*** EXERCISE INPUTS

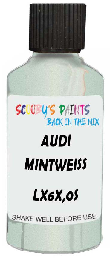 Professionally mixed touch-up paint matched to Audi factory colour LX6X,0S – Mintweiss Perleffekt for model years 2012–2012. Ideal for repairing stone chips, light scratches and minor blemishes while helping to prevent corrosion.
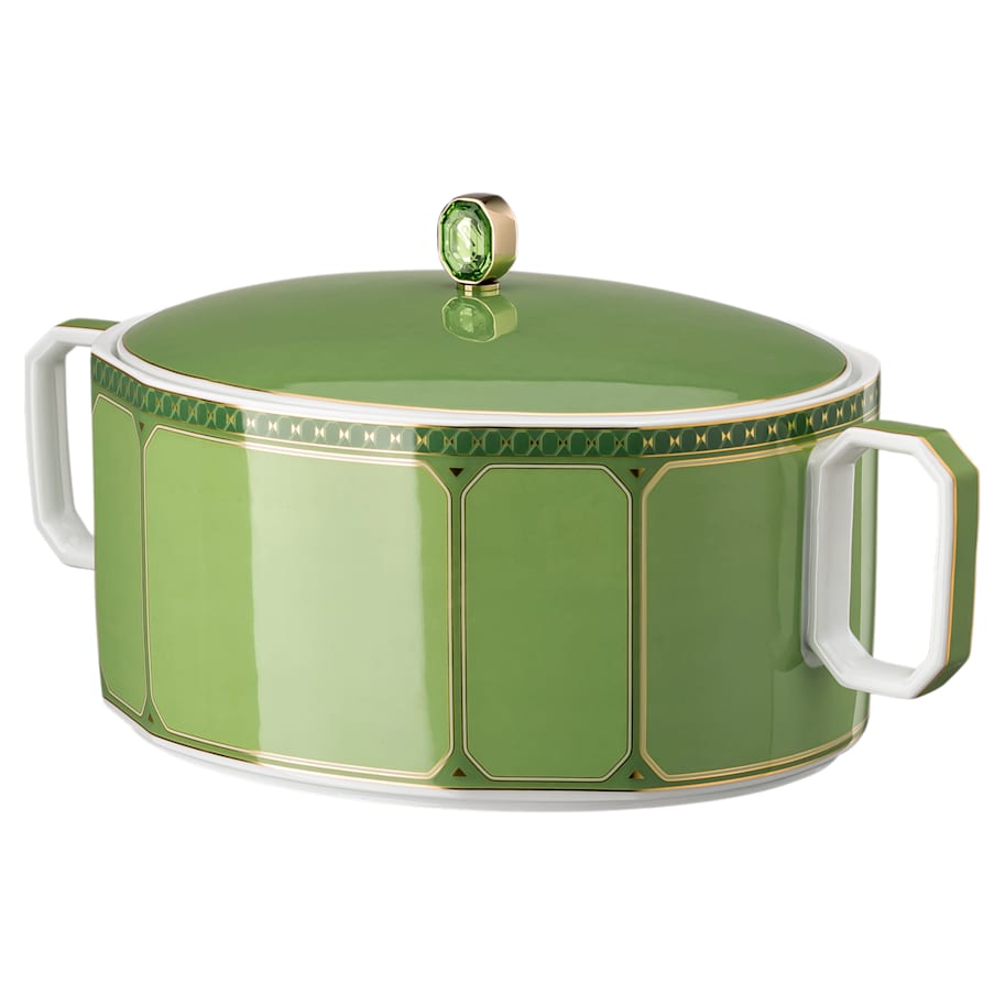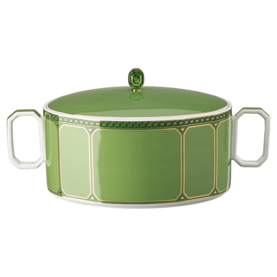 Create theatre at the table with this vibrant green serving bowl, designed in collaboration with porcelain brand Rosenthal. Featuring artful octagonal handles and a swan-engraved octagon-cut crystal on the lid, this is a special centerpiece for coming together and making memories. The bowl is dishwasher safe, however the lid should be hand cleaned. Usage in the microwave is not recommended.
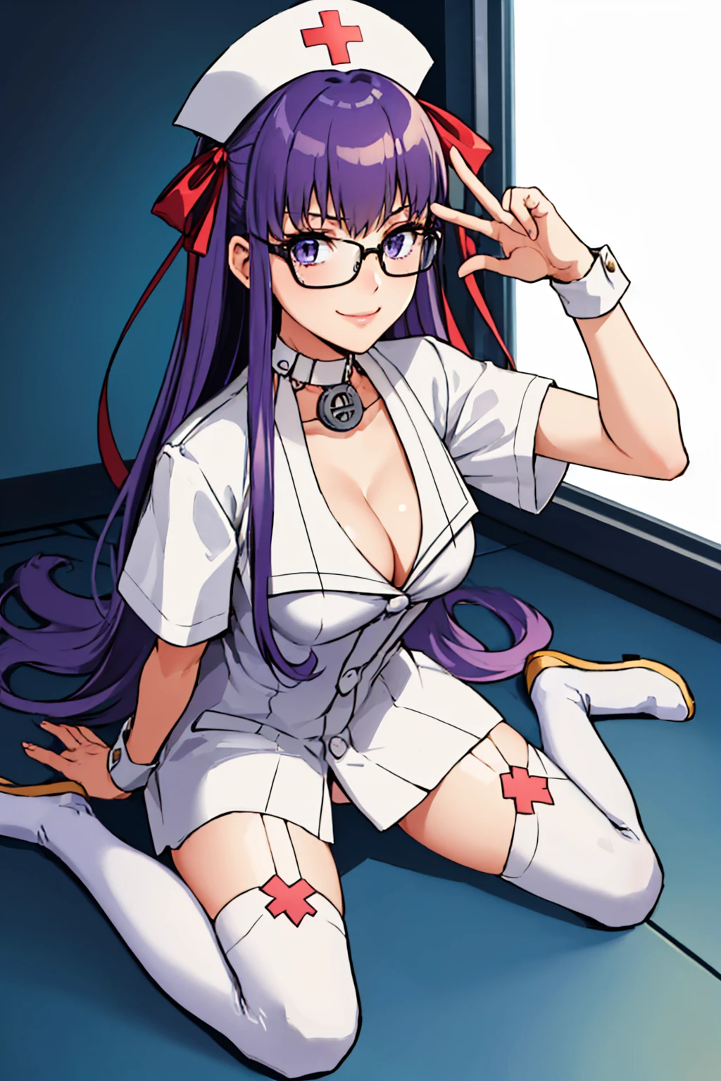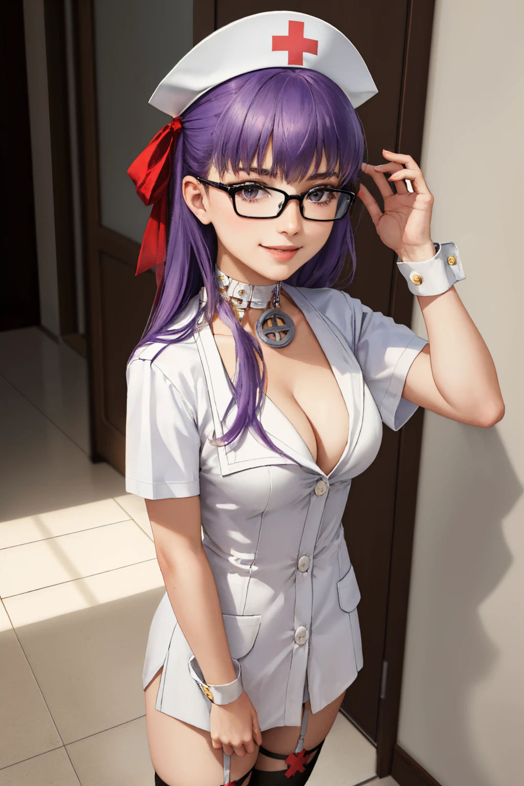 bbnurse, hair ribbon, nurse cap, glasses, white dress, short sleeves, wrist cuffs, white thighhighs, choker, cleavage
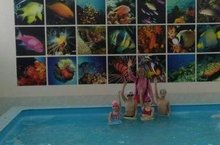Рәсемдә: укучыларыбыз бассейнда шөгыльләнгән мизгел
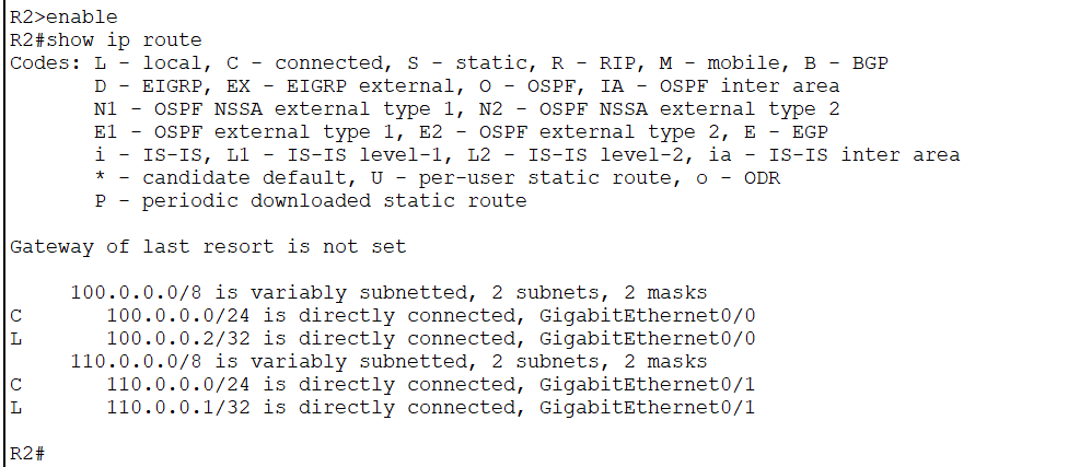 R2(config-if)#ip address 110.0.0.1 255.255.255.0 # 配置IP
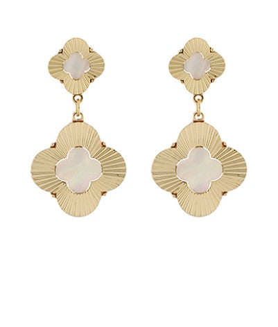 Elegance meets whimsy in these quatrefoil drop earrings, where radiant gold frames a luminous mother-of-pearl center. With their soft shimmer and artful symmetry, they feel both timeless and fresh — like lucky charms dressed for a gala. Perfect for adding polish to your everyday or a graceful glow to evening looks.

******

YOUR TASK => In your copy of the material, every word must match and no image should appear.

REPLY TO THE EXERCISE =>
 Professionally mixed touch-up paint matched to Audi factory colour LX6X,0S – Mintweiss Perleffekt for model years 2012–2012. Ideal for repairing stone chips, light scratches and minor blemishes while helping to prevent corrosion.
 Create theatre at the table with this vibrant green serving bowl, designed in collaboration with porcelain brand Rosenthal. Featuring artful octagonal handles and a swan-engraved octagon-cut crystal on the lid, this is a special centerpiece for coming together and making memories. The bowl is dishwasher safe, however the lid should be hand cleaned. Usage in the microwave is not recommended.
 bbnurse, hair ribbon, nurse cap, glasses, white dress, short sleeves, wrist cuffs, white thighhighs, choker, cleavage
Рәсемдә: укучыларыбыз бассейнда шөгыльләнгән мизгел
 R2(config-if)#ip address 110.0.0.1 255.255.255.0 # 配置IP
 Elegance meets whimsy in these quatrefoil drop earrings, where radiant gold frames a luminous mother-of-pearl center. With their soft shimmer and artful symmetry, they feel both timeless and fresh — like lucky charms dressed for a gala. Perfect for adding polish to your everyday or a graceful glow to evening looks.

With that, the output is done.